Article du 25 au 31 mars 1999 par K.B.
Déjà deux divorces, deux enfants aussi, pour Florence, 45 ans, contrariée par des problèmes professionnels et comme en panne d’identité. Cette architecte qui a connu les honneurs ne fait plus l’unanimité et se cherche au milieu de toutes ces incertitudes qui l’accablent. De quoi remettre en cause son credo féministe, celui d’une certaine indépendance, pour mieux se lover dans les bras d’un « macho » méditerranéen, riche banquier de surcroît… La sécurité, le plaisir dans une forme de soumission contre une vie prédestinée à l’émancipation ? C’est le thème d’un roman qui se veut, à l’heure ou le combat pour les quotas fait rage, comme un postulat a contrario des avancées féministes, des idéaux qui faisaient florès au cœur des seventies. La démonstration, les étapes qui mènent Florence femme de tête habituée au gouvernail et qui se laisse peu à peu gagner par un agréable sentiment de dépendance au point de se muer pratique¬ment en défroquée de la cause féministe, sont sûrement simplistes et parfois trop « provoc », évitant délibérément le registre de la nuance. N’empêche que quelques réflexions bien senties, quelques para¬graphes rondement composés suscitent les interrogations: « Contrairement aux idées reçues, je considérais que rien n’était plus facile à conquérir que l’indépendance. Le seul problème consistait à la financer. Et c’était un cercle vicieux, car l’énergie et le temps qu’on y consacrait instauraient d’autres formes d’esclavage parfois pires que la prison d’un amour. »
Des propos qui alimenteront la controverse comme ces allégations laissant à penser que l’entrée des femmes en politique ne résulte que d’un désintérêt des hommes pour la chose publique au moment ou les pouvoirs se sont déplacés vers les ‘milieux économiques.

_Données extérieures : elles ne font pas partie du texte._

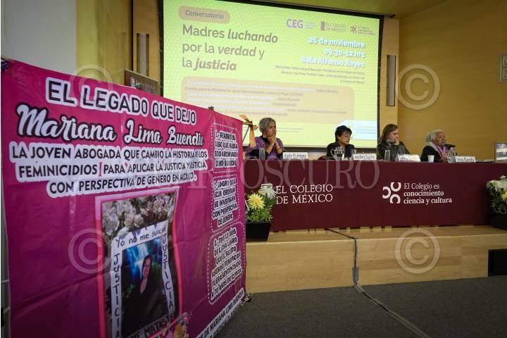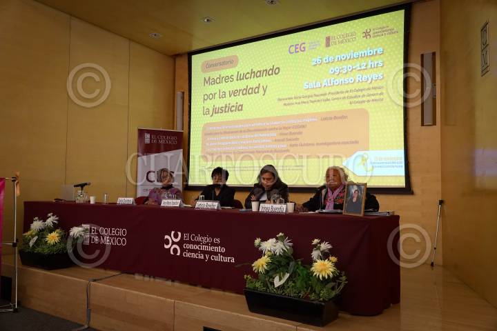 CIUDAD DE MÉXICO, 26NOVIEMBRE2024.- Karla Quintana, investigadora Colegio de México, Ana María Tepichin, Leticia Bonifaz, representante del comité para la eliminación de la discriminación contra la mujer, Irene Buendía, integrante de Justicia y justicia para las víctimas de feminicidio, durante el Conservatorio Madres luchando por la verdad y justicio realizado en el Colegio de México. FOTO: ROGELIO MORALES /CUARTOSCURO.COM

Bref voilà un roman imparfait mais qui se fait l’écho d’un message plutôt inattendu et dont le mérite essentiel est d’apporter une autre voix au chapitre et de s’interroger sur les aspirations profondes des femmes. C’est dans ce politiquement incorrect, dans cette propension à frayer hors des sentiers battus que réside le principal intérêt d’un ouvrage à contre courant.